Monday, Jun. 29, 1998
Sculptural One-Liners
By ROBERT HUGHES
It's compensation: as the water drains out of the pond of contemporary art, as the belief in everlasting invention that was hard-wired into American expectations during the 1960s dwindles, small bass and medium carp are treated as potential Moby Dicks. Witness the California artist Charles Ray, 45, whose mid-career retrospective, curated by Paul Schimmel of Los Angeles' Museum of Contemporary Art, recently opened at New York City's Whitney Museum of American Art.
The catalog is somewhat hyperbolic--at one point Schimmel actually manages to compare a sculpture of eight naked effigies of Ray sprawling around in a masturbatory group grope to Rodin's Burghers of Calais--but Ray comes out of this show looking clever and sometimes more than that. His sculpture Fall '91, 1992, is a figure of a woman, 8 ft. high, in a red suit, done with slightly more detail and verisimilitude than a window dummy but with much less than complete lifelikeness. Its effect is to wrench your sense of scale out of kilter: far away, with no real humans near it, it seems close to you; then you realize how big it is, and it takes on the threatening and remote aspect of Big Momma, as though you, the viewer, were no longer an adult but a child.
A similar contradiction underlies Ray's big piece blandly titled Unpainted Sculpture, 1997. He found a Pontiac Grand Am that had been totaled in a crash that killed the driver, and then proceeded to dissect out each of its hundreds of distorted parts, make fiberglass copies of them, paint them a uniform light gray and reassemble them as a ghost wreck: maximum violence contradicted by a sort of plodding cool.
Ray's work is a series of one-liners, and these depend for their effect on what all one-liners need: a punch, a certain concision. Without that, they straggle. Told in outline, the plot--if you can call it that--of his short film Fashions sounds at least notionally amusing. A fixed camera stares at a rather mannish-looking model standing on a turntable, wearing an outfit of Ray's design. She revolves once, and then we cut to the same model wearing a different dress. There are about a hundred of these changes in the course of the 12 minutes the film lasts, and every outfit is as banal as the last. It's meant (one presumes) to satirize the cultural pretensions of the upper reaches of the rag trade: Warhol with the glamour taken out. It makes for a very long 12 minutes.
This side of Ray's activity is cognate with the spirit of '70s conceptual art--its fondness for solemnly carrying out small, meaningless activities, for loading with importance gestures that didn't mean beans so as to criticize the "importance" assigned to artmaking itself. His earliest work was, in fact, done in the '70s, and it produced a number of hybrids of minimal and performance art. Often they involved the prototypical Minimalist cube, with Ray inside it and some parts of him sticking out--a box with a clockface, for example, its hands moved by the artist, whose legs hang out of two holes in the bottom like a pendulum. Inside, in the darkness, Ray would try to guess what time it was and move the clock hands accordingly.
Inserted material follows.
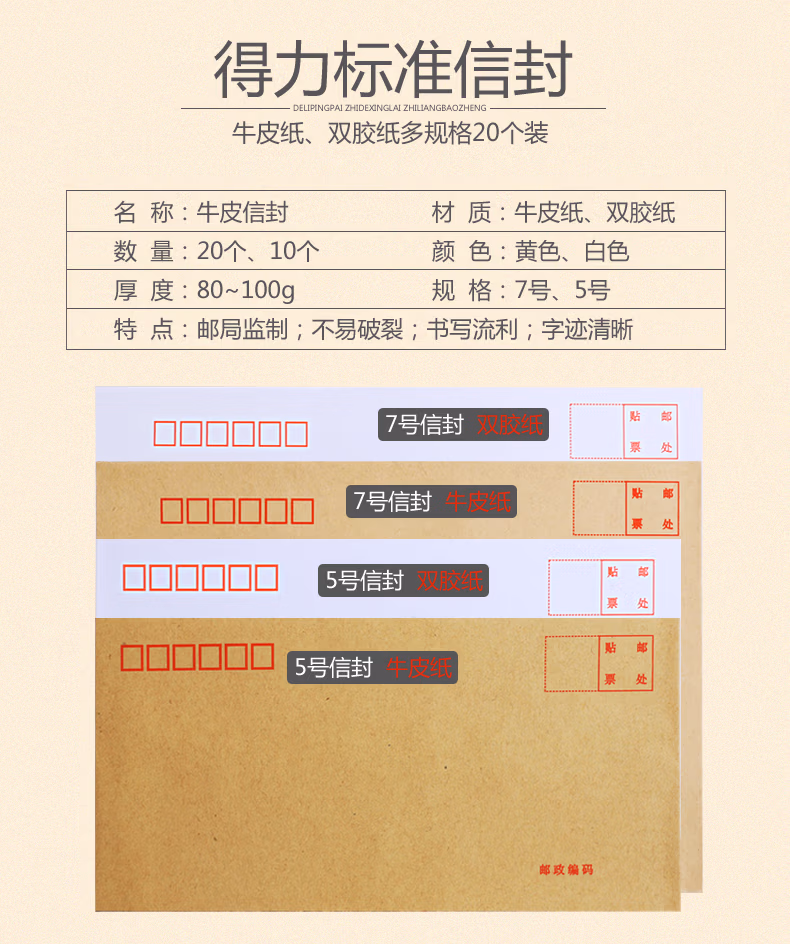 得力(deli) 3424 5号 信封 20.00 个/包 (计价单位:包) 混色
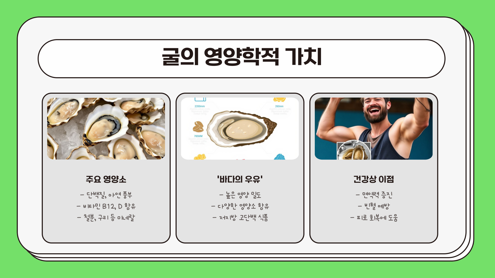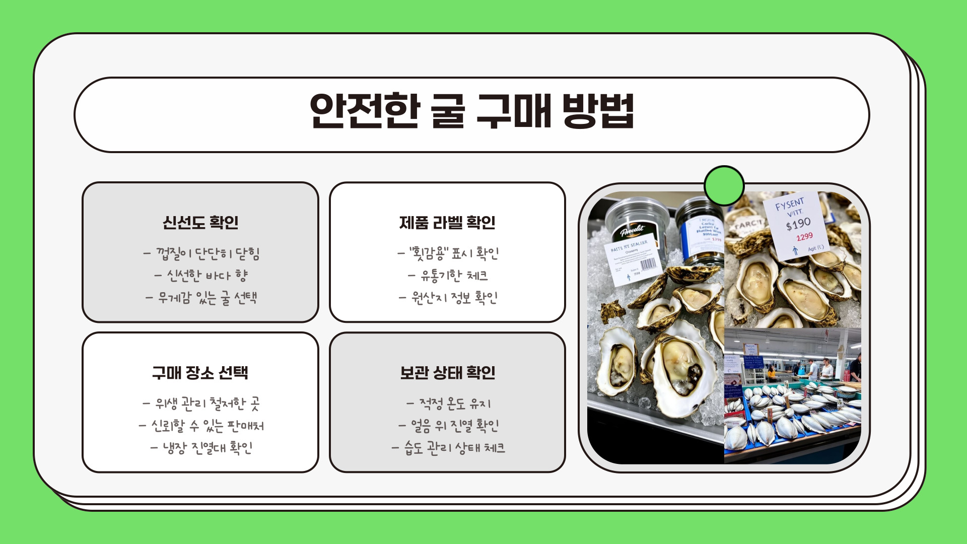 굴을 먹을 때는 항상 안전하게 조리하는 방법을 기억해야 합니다. 특히, 생굴을 먹을 때는 반드시 '가열조리용'으로 표시된 제품을 선택하고, 85℃에서 1분 이상 가열하여 섭취하는 것이 좋습니다. 이렇게 함으로써 노로바이러스와 같은 병원균의 위험을 줄일 수 있습니다. 날 것으로 먹는 대신 요리된 굴을 선택하는 것이 훨씬 안전합니다.

Even in the '80s and '90s, much of Ray's work came down to a worthy but not particularly stimulating kind of cutting-edge activity, which hit the buttons of insecurity (sharply, sometimes) without generating much in the way of aesthetic pleasure. This is especially true of his sculpture involving generic store-mannequin figures. The blankness and not-quite-humanness of shop-window mannequins, and their eerie reference to the real human body, have been among the standard tropes of modern art since Surrealism in the '20s. When Ray takes one, models his own face on it and then dresses it in his sailing clothes--or takes another and grafts a replica of his own genitals and pubic bush onto it--he doesn't seem to be doing much, despite the catalog's claim that the results are "profoundly disconcerting."
More effective--and genuinely disconcerting--is Ray's more abstract work. In Rotating Circle, 1988, a disk the same color as the gallery wall is set flush with the wall. You'd hardly notice it except for the hum that issues from it. This, it turns out, is made by an invisible motor: the disk is spinning so fast that you can't see the motion, and it would burn your hand if you touched it.
The sharpest piece of sculpture as frustrated interaction, however, is Ink Box, 1986, a big black cube that sits on the gallery floor doing absolutely nothing--minimal, gloss-lacquered and inert. Except that the top of the cube is the surface of 200 gal. of black printer's ink, which would muck you up thoroughly if you so much as touched it. This is one of the few times that Ray's work seems almost as nasty as Bruce Nauman's. It sums up the smart, nerdy, passive-aggressive character of Ray's imagination. Sometimes a minor artist will produce a truly unforgettable image, just one. Meret Oppenheim's Surrealist fur cup and spoon, for instance, or Jeff Koons' stainless-steel rabbit. Ink Box is one of those.